## [ASSIGNMENT]
Using the listing below, output only the lines from the one that contains "こちらは車庫線レイアウトの末" through the one that contains "这是2023年12月20日在", inclusive, exactly as given and without images.

## [INPUT RECORDS]
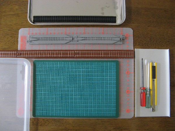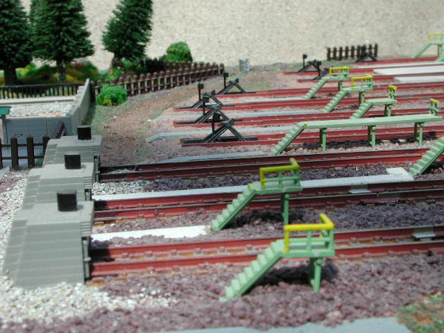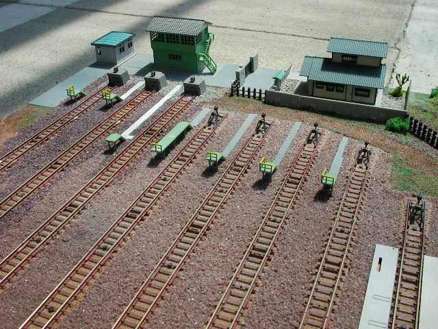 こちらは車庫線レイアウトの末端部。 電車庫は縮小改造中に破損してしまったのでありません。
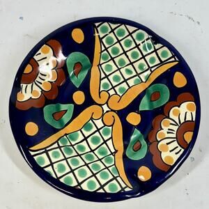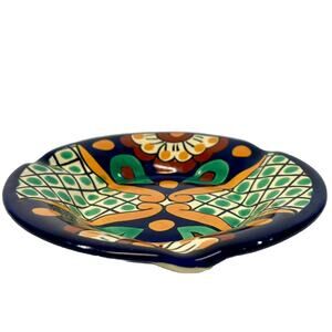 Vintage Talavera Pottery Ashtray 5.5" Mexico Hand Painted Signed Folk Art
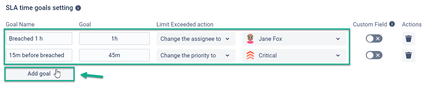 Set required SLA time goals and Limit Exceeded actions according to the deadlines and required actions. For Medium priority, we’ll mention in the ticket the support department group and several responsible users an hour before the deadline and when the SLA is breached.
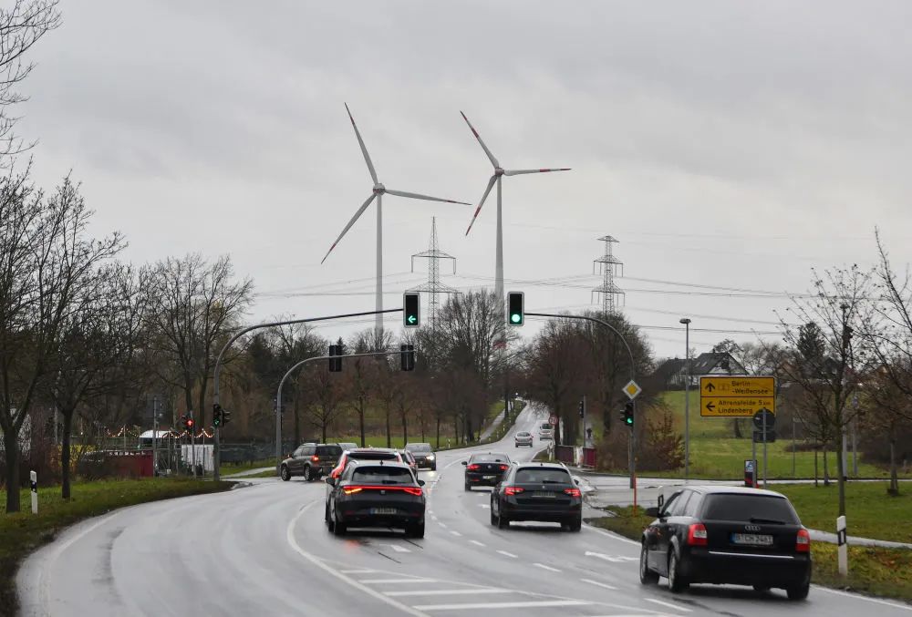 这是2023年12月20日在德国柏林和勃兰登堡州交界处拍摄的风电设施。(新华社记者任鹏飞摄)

...

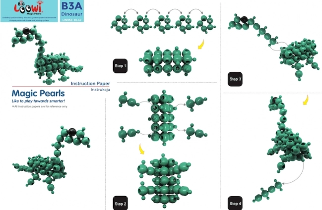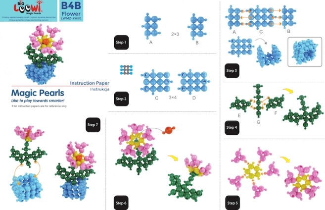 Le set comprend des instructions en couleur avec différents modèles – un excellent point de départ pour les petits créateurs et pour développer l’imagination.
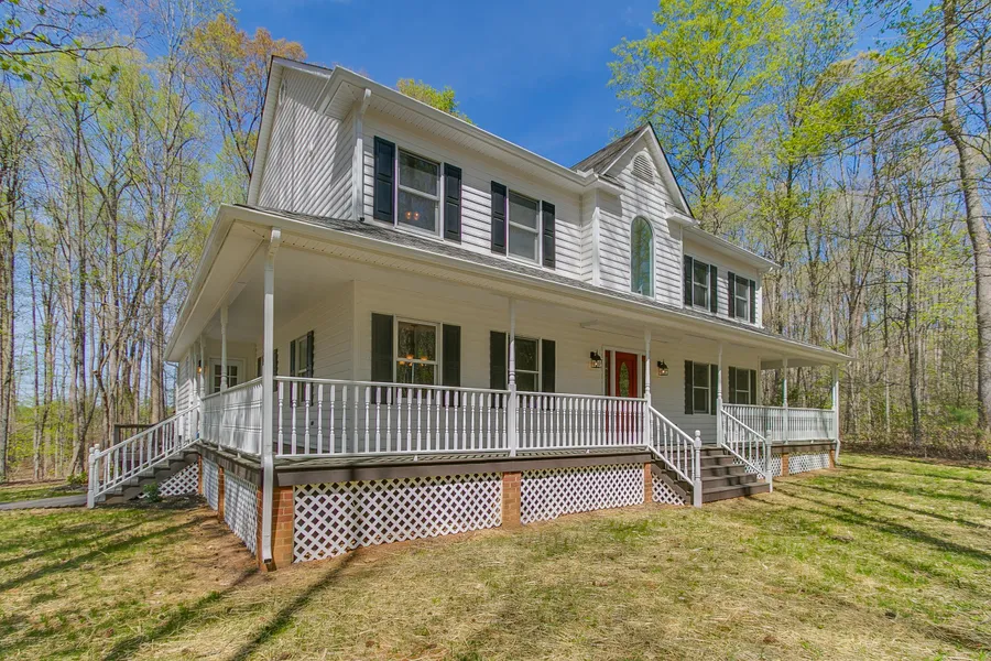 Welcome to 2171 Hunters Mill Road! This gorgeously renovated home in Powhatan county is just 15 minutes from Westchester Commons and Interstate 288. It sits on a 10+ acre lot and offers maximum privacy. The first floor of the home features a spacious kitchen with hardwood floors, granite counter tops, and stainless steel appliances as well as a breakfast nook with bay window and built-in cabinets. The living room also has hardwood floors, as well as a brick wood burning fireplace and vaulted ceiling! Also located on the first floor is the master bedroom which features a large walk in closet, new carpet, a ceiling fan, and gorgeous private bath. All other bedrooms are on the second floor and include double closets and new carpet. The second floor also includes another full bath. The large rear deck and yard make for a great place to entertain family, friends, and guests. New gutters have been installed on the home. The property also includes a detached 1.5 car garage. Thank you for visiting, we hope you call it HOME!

---

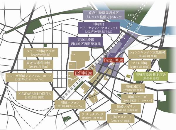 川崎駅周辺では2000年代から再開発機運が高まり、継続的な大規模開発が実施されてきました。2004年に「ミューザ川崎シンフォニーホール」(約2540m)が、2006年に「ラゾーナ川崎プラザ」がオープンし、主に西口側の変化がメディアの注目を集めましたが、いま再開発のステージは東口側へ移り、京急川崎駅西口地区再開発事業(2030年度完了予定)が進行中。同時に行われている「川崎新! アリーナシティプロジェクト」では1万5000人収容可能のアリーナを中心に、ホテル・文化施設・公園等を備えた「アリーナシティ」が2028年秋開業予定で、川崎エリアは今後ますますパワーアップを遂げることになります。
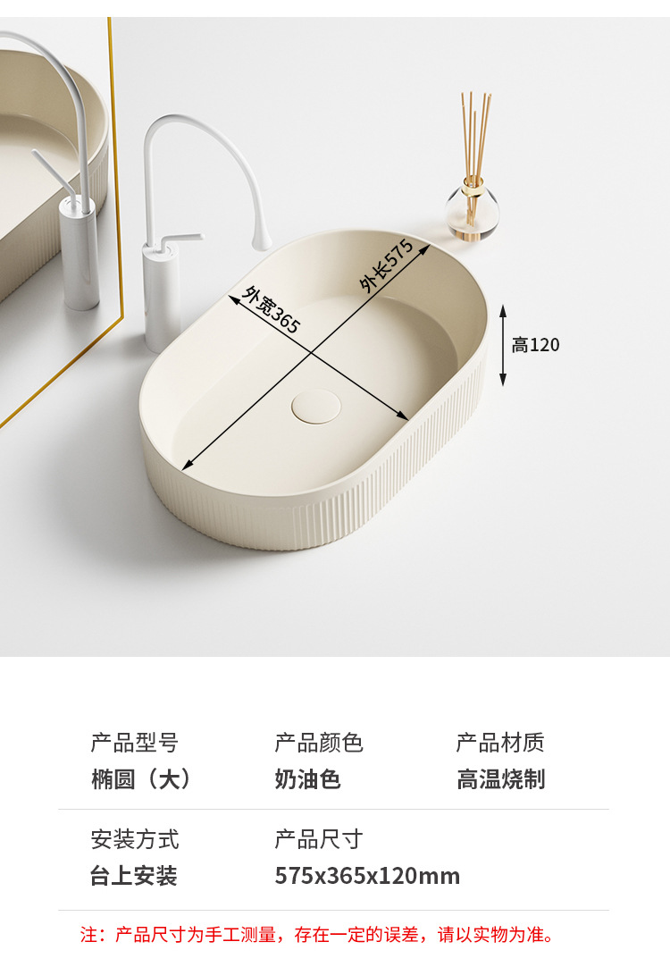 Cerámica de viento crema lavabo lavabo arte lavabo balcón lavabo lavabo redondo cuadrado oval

## [REPLY TO THE EXERCISE]
 こちらは車庫線レイアウトの末端部。 電車庫は縮小改造中に破損してしまったのでありません。
 Vintage Talavera Pottery Ashtray 5.5" Mexico Hand Painted Signed Folk Art
 Set required SLA time goals and Limit Exceeded actions according to the deadlines and required actions. For Medium priority, we’ll mention in the ticket the support department group and several responsible users an hour before the deadline and when the SLA is breached.
 这是2023年12月20日在德国柏林和勃兰登堡州交界处拍摄的风电设施。(新华社记者任鹏飞摄)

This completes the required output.